We thank L. Hajjar and D. Russell for sharing reagents, Histology and Vision Research Core Facilities at the University of Michigan Medical School and the TEM core facility at the Weill Cornell Medical College for their assistance, and P. Arvan and R. B. Reinert, G. H. Kim and X. Shu, as well as other members of the Qi/Arvan labs and islet club at University of Michigan Diabetes Center, for comments and technical assistance. The Histology Core at the University of Michigan Medical School was supported by the National Cancer Institute of the NIH (award no. P30CA046592).
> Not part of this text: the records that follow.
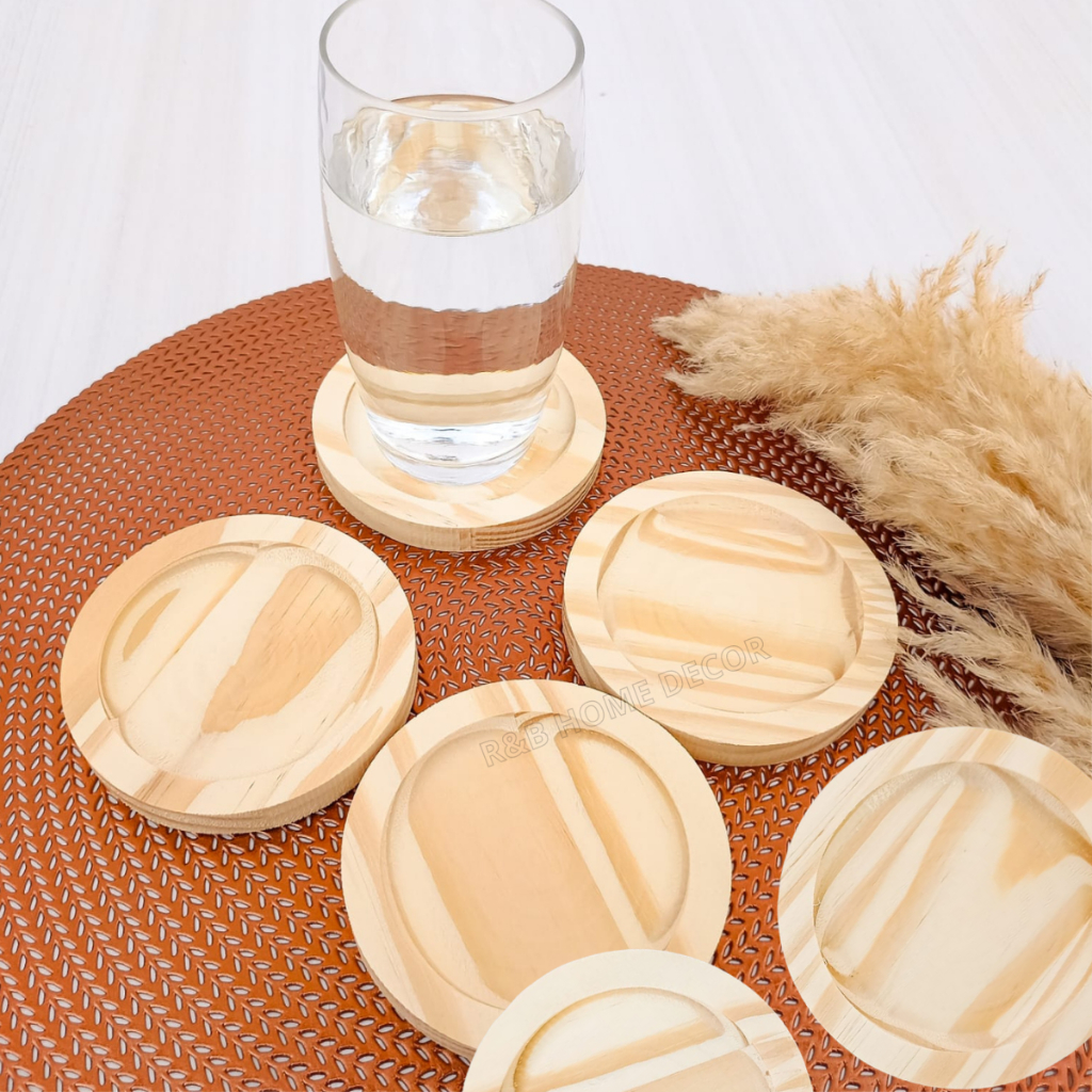kit com 6 Porta Copos Pires Redondo Madeira Maciça De Pinus cozinha decoração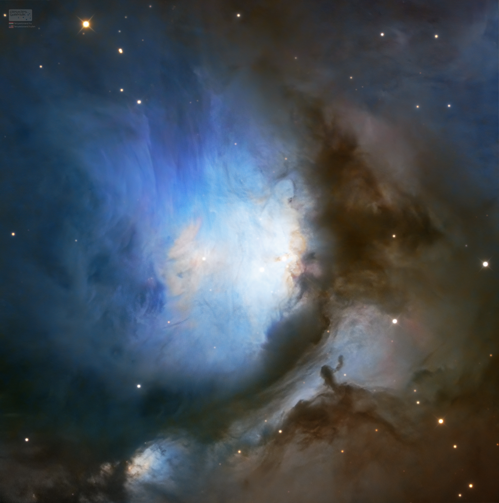 A fotó feldolgozása egyszerre volt nagy élmény és nagy küzdelem. Élmény önmagáért. Ahogy a bevezetőben leírtam, közel áll hozzám az objektum, mégsem tudtam az elmúlt 15 évben megfelelő képet készíteni róla. És küzdelem, mert egyrészt az Oriont csak a delelése körül fotózom az elérhető legjobb égminőség miatt (tehát nem túl sokáig tudom). Másrészt pedig azért, mert feldolgozni nagyon nehéz volt. Rengeteg a részlet, amit a nagy távcső ad, de ugyanezért rengeteg a hibalehetőség is. Rám egyébként is jellemző volt egyfajta bohém képfeldolgozás a múltban (inkább az összehatás érdekelt, mint a részletek maximális pontossága). Ezt kis felbontású képeknél nagyobb probléma nélkül el lehetett játszani. Azonban itt nincs az az alibi lehetőség, mint a kicsinél. De ez édes nehézség, csak hozzá kell nőjek. Itt a téma minden kis szegmense látszik. Sokkal nagyobb az önfegyelem igénye. Be is vezettem egy új megoldást, Váradi Nagy Pál barátom ugyan nem mélyégfotós, de roppant jó szeme van minden digitális hiba kiszúrására. Ő az, akivel véleményeztetem a képet és hiba esetén (amit ő jellemzően talál) szépen visszamegyek és nekifutok újra. Most is így történt, de a végeredmény miatt megérte.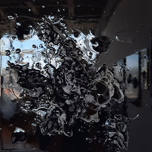 Fossil Fuels from the serie Oil spills. Reliëf acrylic medium, cast on wood 35 x 35 2023

This work was supported by NIH (grant nos. R01DK108921, R03 DK106304), and Juvenile Diabetes Research Foundation (JDRF; grant no. CDA-2016–189; to S.A.S.), VA Merit award 1 (no. I01 BX003744-01 to M.G.), NIH (grant no. R01DK091526), JDRF Microfluidic-Based Functional Facility at the University of Illinois at Chicago, and the Chicago Diabetes Project (to J.O. and Y.W.), NIH (grant no. U01 DK070430) and NIDDK/City of Hope Integrated Islet Distribution Program (to A.N.), NIH (grant nos. R01DK67536, R01DK117639 and R01DK103215 to R.N.K.), and JDRF (grant nos. 47-2012-767 and 1-SRA-2014-251-Q-R), NIH (grant nos. R01DK11174 and R01DK117639; to L.Q.). Y.J. is supported by American Heart Association Scientist Development (grant no. 17SDG33670192) and Michigan Nutrition Obesity Research Center Pilot/Feasibility grant (no. P30DK089503). S.S. was an international student research fellow of the Howard Hughes Medical Institute (no. 59107338) and a Helen Hay Whitney Postdoctoral Fellow. L.Q. is the recipient of the Junior Faculty and Career Development Awards from the American Diabetes Association.

Author information

Y.J. and S.S. designed and performed most of the experiments. N.S., L.B.D., H.K., D.A. and M.M. assisted in some of the experiments. J.S., R.N.K., B.A.C. and M.G. measured TLR expression in human and aged mouse islets. S.A.S. provided helpful discussions and suggestions. C.L. and A.N. provided human islets. Y.X., Y.H., Y.W. and J.O. performed functional analysis of the mouse islets. S.K. performed microarray analyses. Y.J. and S.S. wrote the methods and legends. L.Q. designed the experiments, managed the project and wrote the manuscript. All authors edited and approved the manuscript.

Competing interests

The authors declare no competing interests.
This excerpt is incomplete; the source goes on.